AWS Clean Rooms, which is available as a standalone offering and as part of AWS for Advertising and Marketing, will be available in early 2023 in US East (Ohio), US East (North Virginia), US West (Oregon), Asia Pacific (Seoul), Asia Pacific (Singapore), Asia Pacific (Sydney), Asia Pacific (Tokyo), Europe (Frankfurt), Europe (Ireland), Europe (London), and Europe (Stockholm) regions.

AWS adds new features to Amazon QuickSight

In addition to updating other services, AWS has added new features to its unified business intelligence service, Amazon QuickSight.

The cloud service provider has added the capability to ask natural language queries inside QuickSight via a new feature dubbed QuickSight Q.

QuickSight Q uses machine learning to let enterprise users ask questions about business data in natural language and receive accurate answers with relevant visualizations in seconds, the company said, adding that the feature will allow users to ask “why” questions and seek forecast about data.  

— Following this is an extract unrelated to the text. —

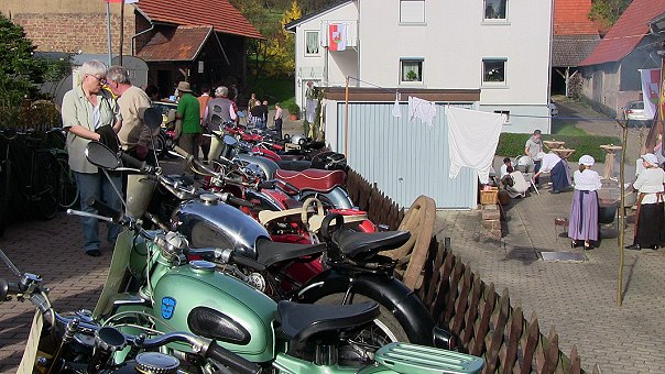 Das hervorragende Herbstwetter mit spätsommerlichen Temperaturen spielte den Schönbrunnern vor allem beim historischen Treiben in die Hände (unsere Bilder). Gestern und auch noch heute können die Besucher in den für den Fahrzeugverkehr gesperrten Straßen im Oberdorf einiges erleben. Die Häuser sind geschmückt, unter anderem mit über 100 Fahnen, im Bürgersaal des Rathauses gibt es eine Fotoausstellung, und an zahlreichen Stationen auf dem Festgeländes kann man in die frühere Lebenswelt der land- und forstwirtschaftlich geprägten Gegend eintauchen. Viele Vereine, Institutionen und Privatpersonen haben sich dafür in monatelangen Vorbereitungen ins Zeug gelegt. Gezeigt werden unter anderem historische Fahrzeuge, Produkte, Geräte und alte Handwerkskünste.

The support for forecast and “why” questions is available at no additional cost to all QuickSight Q customers, according to the company.

QuickSight Q also comes with another capability that automatically infers and adds semantic information to data sets, reducing the time business intelligence teams spend prepping data for natural language querying from days to minutes, AWS said.

This is made possible by pretrained machine learning models and learnings from business intelligence assets such as dashboards and reports.

The ability to automatically prepare data within QuickSight Q is also available to existing QuickSight Q customers at no extra cost.

Other added features include the ability to generate paginated reports and fast analysis for large data sets.

The paginated report service is being made available as an add-on service for QuickSight Enterprise edition customers, the company said.